What needs to be done: Transcribe the records word for word, beginning with the first line and ending with the line that contains "然后李秀芳 将其研究的Silk fibroin-based"; include nothing else.

Source material:
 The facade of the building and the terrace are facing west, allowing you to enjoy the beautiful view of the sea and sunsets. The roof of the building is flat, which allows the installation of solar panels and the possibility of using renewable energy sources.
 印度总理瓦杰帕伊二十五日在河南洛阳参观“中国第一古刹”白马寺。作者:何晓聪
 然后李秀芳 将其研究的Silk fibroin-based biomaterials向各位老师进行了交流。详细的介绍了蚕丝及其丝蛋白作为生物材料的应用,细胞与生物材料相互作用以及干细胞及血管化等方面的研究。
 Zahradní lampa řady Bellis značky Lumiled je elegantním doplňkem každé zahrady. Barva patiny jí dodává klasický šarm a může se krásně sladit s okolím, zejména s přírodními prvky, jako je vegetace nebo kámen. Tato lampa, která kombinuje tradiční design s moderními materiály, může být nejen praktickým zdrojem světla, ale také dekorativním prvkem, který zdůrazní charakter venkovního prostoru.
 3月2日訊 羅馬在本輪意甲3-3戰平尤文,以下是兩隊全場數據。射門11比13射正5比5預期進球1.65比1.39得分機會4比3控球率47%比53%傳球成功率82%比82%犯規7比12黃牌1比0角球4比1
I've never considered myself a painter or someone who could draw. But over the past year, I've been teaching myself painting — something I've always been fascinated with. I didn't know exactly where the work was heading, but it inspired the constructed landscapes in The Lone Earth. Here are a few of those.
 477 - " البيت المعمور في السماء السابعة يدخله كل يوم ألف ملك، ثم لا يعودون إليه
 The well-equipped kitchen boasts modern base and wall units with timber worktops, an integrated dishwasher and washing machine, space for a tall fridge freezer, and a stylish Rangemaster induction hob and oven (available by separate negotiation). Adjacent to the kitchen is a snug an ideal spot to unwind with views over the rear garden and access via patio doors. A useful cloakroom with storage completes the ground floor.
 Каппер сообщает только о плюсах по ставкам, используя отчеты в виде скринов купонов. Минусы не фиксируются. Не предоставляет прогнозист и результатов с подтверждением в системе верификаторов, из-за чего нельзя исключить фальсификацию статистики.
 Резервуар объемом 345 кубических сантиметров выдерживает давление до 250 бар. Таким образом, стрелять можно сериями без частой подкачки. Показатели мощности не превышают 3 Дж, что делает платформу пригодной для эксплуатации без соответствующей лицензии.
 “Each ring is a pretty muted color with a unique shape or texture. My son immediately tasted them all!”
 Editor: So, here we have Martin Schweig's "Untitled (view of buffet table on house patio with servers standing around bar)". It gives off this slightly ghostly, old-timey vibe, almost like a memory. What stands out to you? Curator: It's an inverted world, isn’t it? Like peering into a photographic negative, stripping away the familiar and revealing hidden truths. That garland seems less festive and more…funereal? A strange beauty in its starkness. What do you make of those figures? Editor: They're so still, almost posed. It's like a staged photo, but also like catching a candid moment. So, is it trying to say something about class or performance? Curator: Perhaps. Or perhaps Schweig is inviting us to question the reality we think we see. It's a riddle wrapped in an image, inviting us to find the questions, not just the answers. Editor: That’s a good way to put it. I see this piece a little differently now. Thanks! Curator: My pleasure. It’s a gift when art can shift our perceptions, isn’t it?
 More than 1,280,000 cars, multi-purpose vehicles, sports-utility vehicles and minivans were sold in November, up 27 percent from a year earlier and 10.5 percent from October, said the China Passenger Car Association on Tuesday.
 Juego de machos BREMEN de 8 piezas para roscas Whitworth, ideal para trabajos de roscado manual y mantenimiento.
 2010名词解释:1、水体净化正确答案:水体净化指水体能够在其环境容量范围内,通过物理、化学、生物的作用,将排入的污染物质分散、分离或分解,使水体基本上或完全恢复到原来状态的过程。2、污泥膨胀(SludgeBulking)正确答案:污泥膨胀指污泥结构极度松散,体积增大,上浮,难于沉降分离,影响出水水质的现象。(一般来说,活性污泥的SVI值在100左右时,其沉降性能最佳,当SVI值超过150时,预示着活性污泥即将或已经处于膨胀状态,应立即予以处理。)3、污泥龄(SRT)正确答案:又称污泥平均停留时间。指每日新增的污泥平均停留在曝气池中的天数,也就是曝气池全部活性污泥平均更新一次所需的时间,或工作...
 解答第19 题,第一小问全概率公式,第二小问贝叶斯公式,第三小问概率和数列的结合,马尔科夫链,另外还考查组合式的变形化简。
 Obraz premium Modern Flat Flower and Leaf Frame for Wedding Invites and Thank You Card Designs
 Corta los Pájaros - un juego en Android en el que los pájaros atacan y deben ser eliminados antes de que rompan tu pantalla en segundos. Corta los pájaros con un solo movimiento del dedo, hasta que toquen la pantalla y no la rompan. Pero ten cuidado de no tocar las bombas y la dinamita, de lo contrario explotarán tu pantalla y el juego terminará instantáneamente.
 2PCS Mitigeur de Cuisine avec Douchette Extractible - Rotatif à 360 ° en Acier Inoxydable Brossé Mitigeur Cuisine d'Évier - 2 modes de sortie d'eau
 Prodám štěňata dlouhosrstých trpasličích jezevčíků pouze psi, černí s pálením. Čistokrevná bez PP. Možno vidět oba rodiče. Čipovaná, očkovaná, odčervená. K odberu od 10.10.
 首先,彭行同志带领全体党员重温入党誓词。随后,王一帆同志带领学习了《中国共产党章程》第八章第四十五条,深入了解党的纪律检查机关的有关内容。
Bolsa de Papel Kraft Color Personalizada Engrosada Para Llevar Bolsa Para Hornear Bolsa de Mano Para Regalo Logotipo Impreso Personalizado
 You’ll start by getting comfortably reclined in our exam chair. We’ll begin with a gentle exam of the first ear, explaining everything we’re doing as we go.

Exercise response:
 The facade of the building and the terrace are facing west, allowing you to enjoy the beautiful view of the sea and sunsets. The roof of the building is flat, which allows the installation of solar panels and the possibility of using renewable energy sources.
 印度总理瓦杰帕伊二十五日在河南洛阳参观“中国第一古刹”白马寺。作者:何晓聪
 然后李秀芳 将其研究的Silk fibroin-based biomaterials向各位老师进行了交流。详细的介绍了蚕丝及其丝蛋白作为生物材料的应用,细胞与生物材料相互作用以及干细胞及血管化等方面的研究。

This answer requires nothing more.